Like the region, the Mask is an important concept in GRASS that you need to understand to use GRASS to its full potential. If a mask is set, raster modules will operate only on data falling inside the masked area(s), i.e. any data falling outside of the mask are treated as if their pixel values were NULL. To set the mask you can use r.mask or create a raster called MASK (this raster map name is reserved for this purpose).

For new users, make always sure you know if/what MASK is set. You can easily check if there is a mask set by checking if there is a layer with the name MASK in your mapset. You can also display the MASK like any other raster layer. For more details about using masks, see the r.mask manual page.

Interfaces

GRASS GIS offers different interfaces for the interaction between user and software. Let's see them...

Graphical User Interface (GUI)

The GUI is the simplest way to approach GRASS GIS. It offers a user-friendly approach to executing modules where the users can navigate to data layers that they would like to analyze and modify processing options with simple check boxes. The GUI also offers an easily accessible manual on how to execute a module.

The GRASS GIS GUI is composed of two elements, the Layer Manager where you can find all the GRASS GIS modules and manage your data and, the Map Display where you can navigate, print and query your maps. The GUI also comes with a Python shell for rapid prototyping.

Command line

The command line is the traditional and, probably, the most powerful way to use GRASS GIS, used daily by many GRASS GIS power users worldwide.

The command line interface allows users to execute a module using command prompts specific to that module. This is handy when you are running similar analyses with minor modification or are familiar with the module commands for quick efficient processing. Advantages of the command line

• Run "history" to see all your previous commands
• History is stored individually per MAPSET
• Search in history with CTRL-R
• Save the commands to a file: history > my_protocol.sh, polish/annotate the protocol and re-run with: sh my_protocol.sh
• Call module's GUI, set all options and "Copy" the final command for further replication

Calling a module GUI from the terminal

Remember that there is a simplified command line included in the GUI, the tab "Console". It offers a "Command prompt" button to save the command's history to a file.

Python

Python is a powerful and simple programming language, and you can use it to:

• interface with the functionalities offered by GRASS GIS
• create your own workflows chaining several GRASS GIS modules
• create new add-ons by using GRASS GIS modules along with a wide number of Python libraries.

The simplest way to execute a Python script using GRASS GIS modules is to use the "Simple Python editor" accessible from the toolbar or the Python tab in the Layer Manager.
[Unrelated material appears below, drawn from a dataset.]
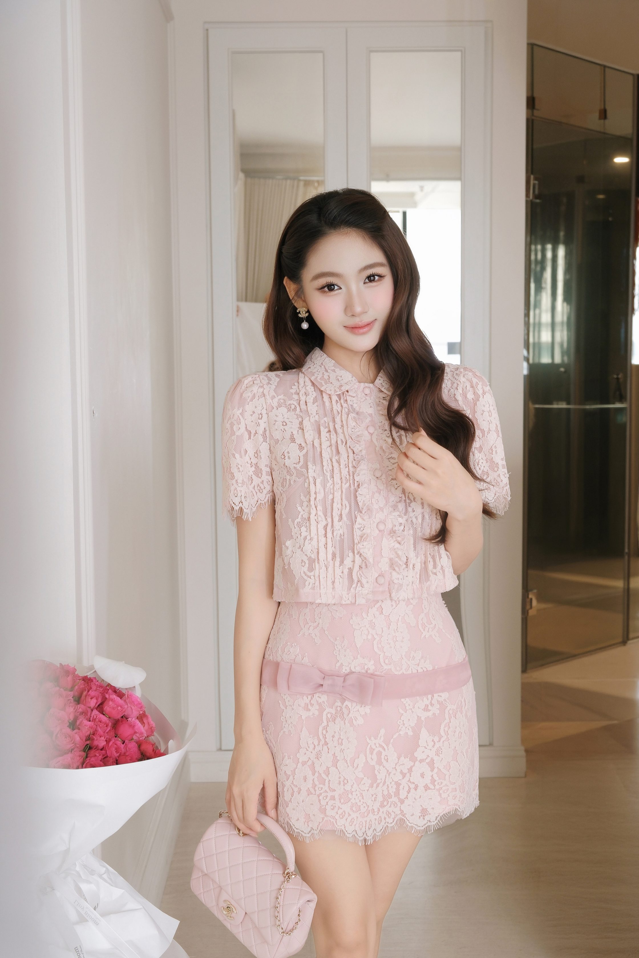 Đánh giá KS564 – Set váy ngắn ren mi hồng pastel thanh lịch ngọt ngào | Khiết

Another option is to write the Python code in your favorite plain text editor. Then, run the script in GRASS GIS using the main menu File -> Launch script. Here's an example of Python code to run GRASS GIS modules:

		
!/usr/bin/env python

# simple example for pyGRASS usage: raster processing via modules approach

from grass.pygrass.modules.shortcuts import general as g
from grass.pygrass.modules.shortcuts import raster as r

g.message("Filter elevation map by a threshold...")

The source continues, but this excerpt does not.